### WORK ITEM
If a picture appears, leave it out, and reproduce exactly the lines from the start of the listing below through the one bearing "Minnesota Twins' Ty".

### COLLECTED MATERIAL

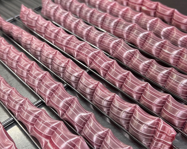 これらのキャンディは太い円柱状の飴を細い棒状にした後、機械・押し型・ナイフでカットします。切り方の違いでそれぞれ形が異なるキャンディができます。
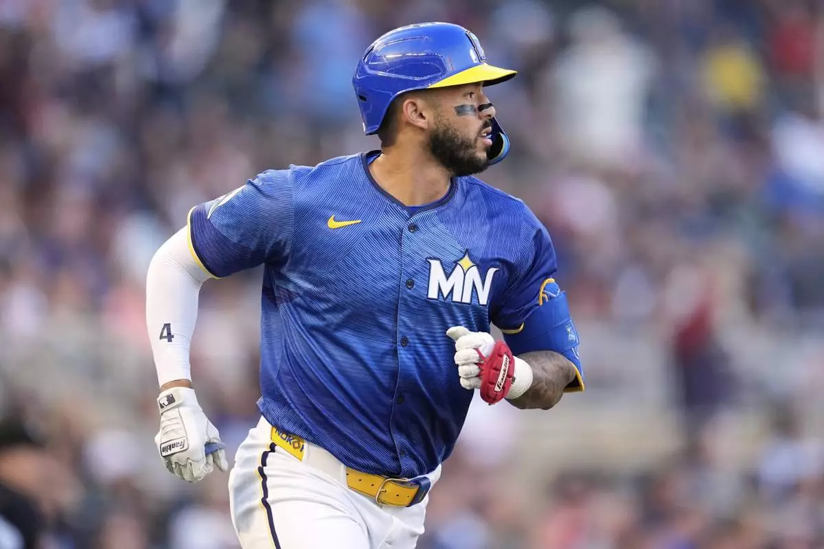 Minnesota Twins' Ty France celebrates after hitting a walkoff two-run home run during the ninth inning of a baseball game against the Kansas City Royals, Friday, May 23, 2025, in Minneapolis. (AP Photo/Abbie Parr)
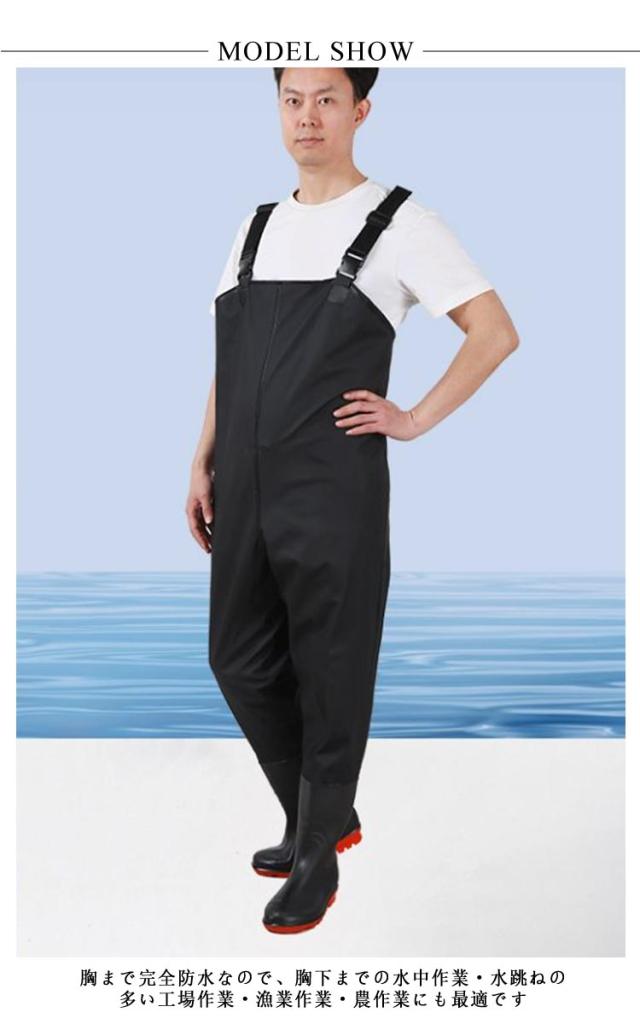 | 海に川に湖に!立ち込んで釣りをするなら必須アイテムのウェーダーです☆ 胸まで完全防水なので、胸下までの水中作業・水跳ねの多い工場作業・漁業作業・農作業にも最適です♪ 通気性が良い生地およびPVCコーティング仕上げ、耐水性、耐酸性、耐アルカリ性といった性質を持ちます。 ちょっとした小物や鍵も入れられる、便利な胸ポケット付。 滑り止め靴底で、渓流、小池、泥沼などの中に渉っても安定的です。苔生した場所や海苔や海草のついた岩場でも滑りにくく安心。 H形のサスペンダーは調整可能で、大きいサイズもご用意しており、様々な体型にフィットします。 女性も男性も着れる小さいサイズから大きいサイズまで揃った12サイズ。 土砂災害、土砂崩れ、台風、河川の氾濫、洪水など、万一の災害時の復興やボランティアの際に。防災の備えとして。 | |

### RESPONSE BOX
 これらのキャンディは太い円柱状の飴を細い棒状にした後、機械・押し型・ナイフでカットします。切り方の違いでそれぞれ形が異なるキャンディができます。
 Minnesota Twins' Ty France celebrates after hitting a walkoff two-run home run during the ninth inning of a baseball game against the Kansas City Royals, Friday, May 23, 2025, in Minneapolis. (AP Photo/Abbie Parr)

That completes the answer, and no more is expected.